# Can't relax for sex



## MisterNiceGuy (Jan 26, 2011)

Hey all my old friends! Some of you may remember me from last spring and I still hold the record for the most views on a thread. See my EA already moving to PA thread for more background.

Things have been actually been working out great for the last several months. We have both worked hard at the marriage. Money problems have eased up. I have worked on staying in shape and being present in all things. Sex has been great and fairly frequent. I was lucky enough to be in a men's group here in the Seattle area with the well known Dr. Robert Glover of No More Mister Nice Guy book fame. He has screwed my head on straight, that is for sure!

Anyway to my issue... I have been noticing over the past couple of months that the sex has slowed down a little. Instead of 5-6 times a week, we are down to 2-3 times a week, mainly on the weekends. She seems a little keyed up and/or tired on weeknights from work. I initiate it about 95% of the time. I feel way more on top of the sex part of our lives and connected to her than before our problems last spring. We look back and laugh frequently at our problems a year ago. This Xmas was a testament to how far we have come. It was a joy to be around her this year.

So last night I'm feeling horny and start going for it and she rebuffs me pretty strongly and says "I'm not relaxed enough", I say, let me get out the message oil and start rubbing your back.
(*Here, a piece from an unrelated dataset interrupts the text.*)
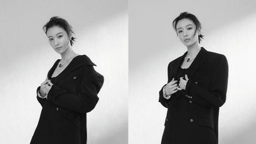 수트, 이너 톱은 Etro. 귀고리는 Roaju. 펜던트 목걸이는 Hoze. 스니커즈는 Vans.
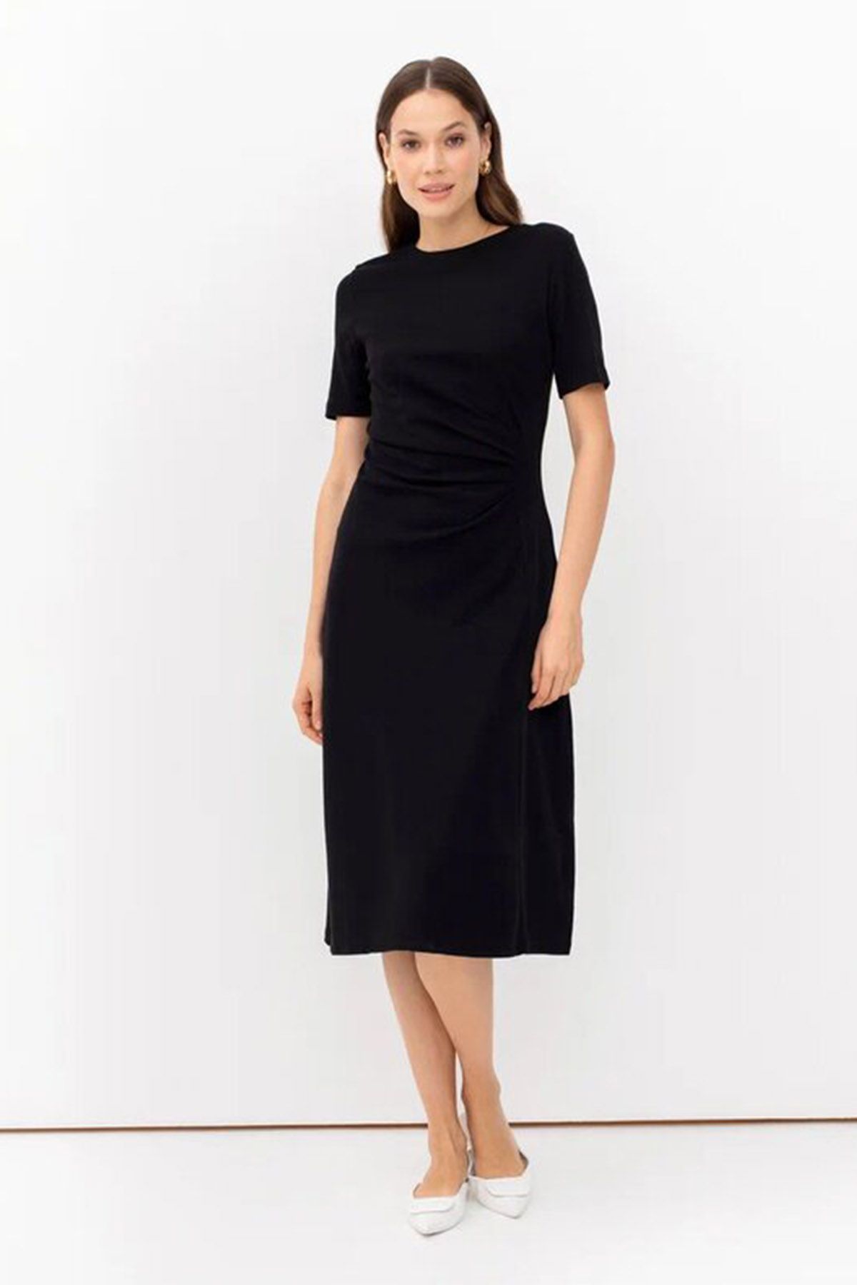 Платье чёрного цвета с драпировкой на талии, 42р

She said, "I don't think I can have sex with you unless I have a couple of glasses of wine and it's been that way for the past couple of months". I have noticed this too, but It's late and I while I'm horny I just say, "we need to talk about this in the morning" and roll over and go to sleep.

While I don't think she is losing interest in me right now, I do think that I am not dopamine-ing her enough. She is not excited by me enough to have sex without something like booze to relax her to the point of having sex with me. She is working at a pretty high pressure job so I know that occupies her mind a lot. I could also up the Alpha and start forcing the issue a little more. What do you guys think?


----------



## Deejo (May 20, 2008)

Cool things off and you will get a far better sense.

Notably, she didn't say, "No. Get the hell away from me."

Sex shouldn't be stressful. It shouldn't feel like a chore.

Having a hard time interpreting what the reality actually is, based on what you wrote.

Are you saying that she only wants to have sex with you if she has a couple of drinks in her?

Maintain or up the non-sexual contact. If she thinks that every time you rub her shoulder or kiss her neck that it's code for sex, then you need to break that dynamic.


----------



## MisterNiceGuy (Jan 26, 2011)

I think I am saying that she wants sex, but needs to relax more before I initiate. I talked to her this morning and she said that today is her first day back at work in a week or so and she had a lot on her mind. I don't think that the touching and rubbing is code for sex, I do that a fair amount throughout the day when we are around each other. (Something I never did a year ago) and she has told me how much she likes it when I am touching her or putting my arm around her in public and such.

I'm still bothered by the need to relax for sex and she said that comes in a variety of ways, drinking, massages, hot tub, etc. This being fairly new ground for me, what is the norm on getting a woman to relax for sex? 17 years ago when we first got married, it just happened all the time. Since our little problem a year ago, it seems it takes a lot of work to get her to relax. OTOH, I remember reading that if you want sex from your wife on Saturday, start the process on Wednesday! 

The other thing, is maybe her resistance is a type of **** test and I just plow through it (so to speak) and get past her resistance...


----------



## Deejo (May 20, 2008)

What she said was a sh!t test. Deciding not to act like a kicked puppy is certainly best, but it's an interesting perspective, because it warrants a 'why' question. Why does she feel that way? Is it actually you, or is it completely unrelated.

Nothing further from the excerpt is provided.